The investments for Canada’s green economy in the 2023 federal budget are “trying to match pro rata, the U.S. with their incentives,” but the bigger question is whether it will be enough to just match the U.S., according to a clean-tech venture capitalist.

In an interview with BNN Bloomberg on Tuesday, Tom Rand, co-founder and partner of ArcTern Ventures, said Finance Minister Chrystia Freeland is “responding, as they must, to the Inflation Reduction Act south of the border.”

“It's (Inflation Reduction Act) really, across the smorgasbord of low carbon tech and Canada's got to respond to that, roughly about a 10th of that would be equivalent to Canada's share, and that's roughly what they've (the federal government) done,” Rand said.

“The question for Canada is, can we carve out a niche in which we're competitive, or is it enough just to match the U.S. and do, as you know, President Biden and Prime Minister Trudeau talked about which is really building an integrated North American clean energy technology market, and I think that's the ultimate goal. But right now, it's kind of tit for tat on the incentive side.”
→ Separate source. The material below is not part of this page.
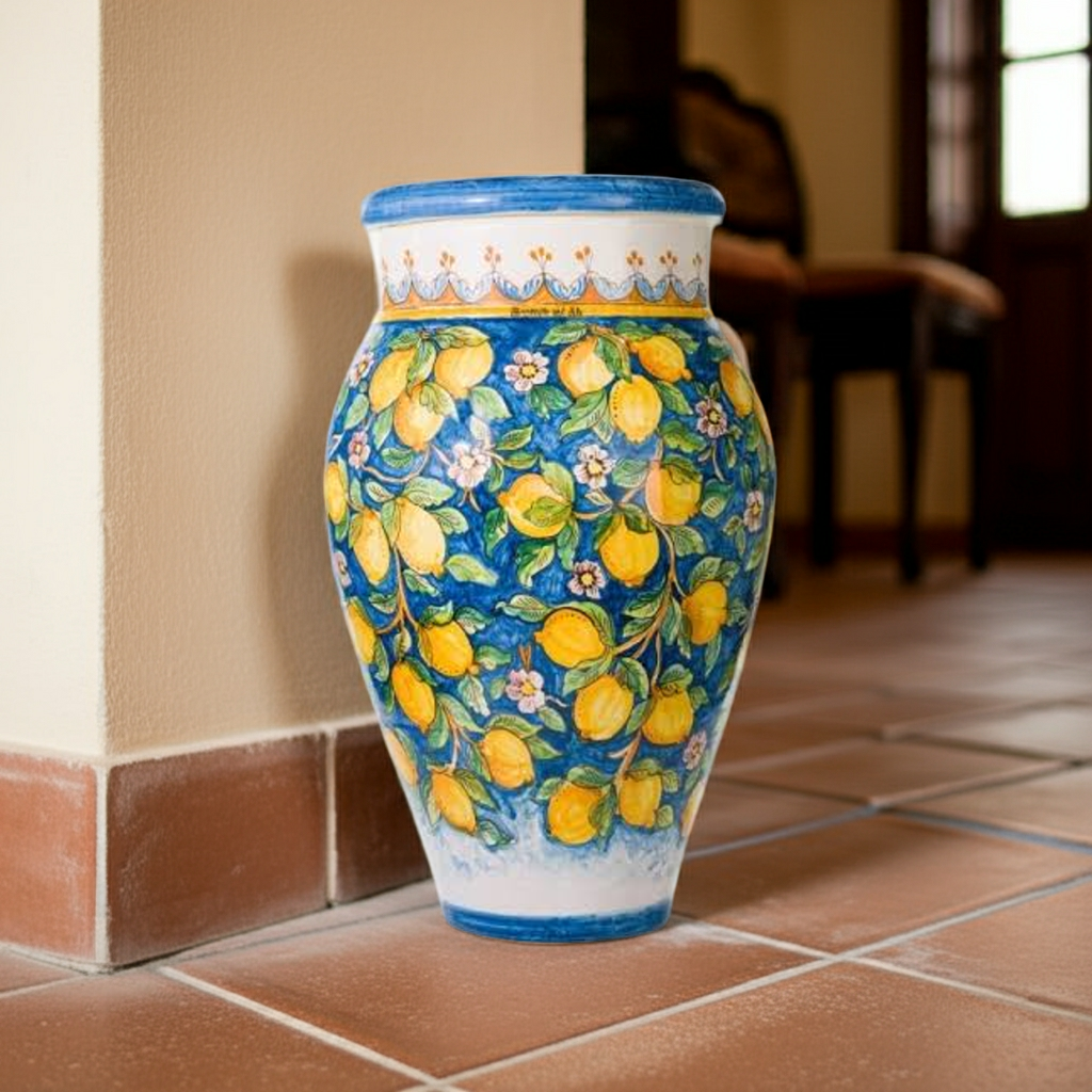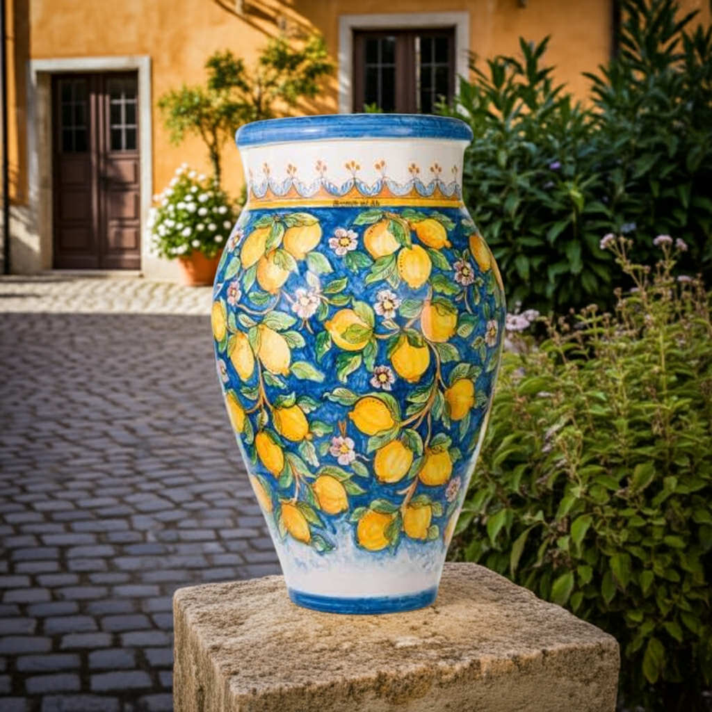 Insgesamt ist der bunte sizilianische Krug mit Zitronen ein herrlicher Blickfang und ein perfektes Accessoire für alle, die ein Stück Italien in ihrem Zuhause oder Garten haben möchten.

Over the past few months, the federal government has underscored the need to remain competitive with the U.S. when it comes to the green transition.

In the 2022 Fall Economic Statement, finance officials said after the United States introduced the Inflation Reduction Act, “the need for a competitive clean technology tax credit in Canada is more important than ever.”

The federal budget projects program spending will be about $491 billion in the coming fiscal year, with the deficit now set to reach $40 billion.

The spending roadmap included support for Canada’s energy transition, with a mix of investment tax credits and cash handouts.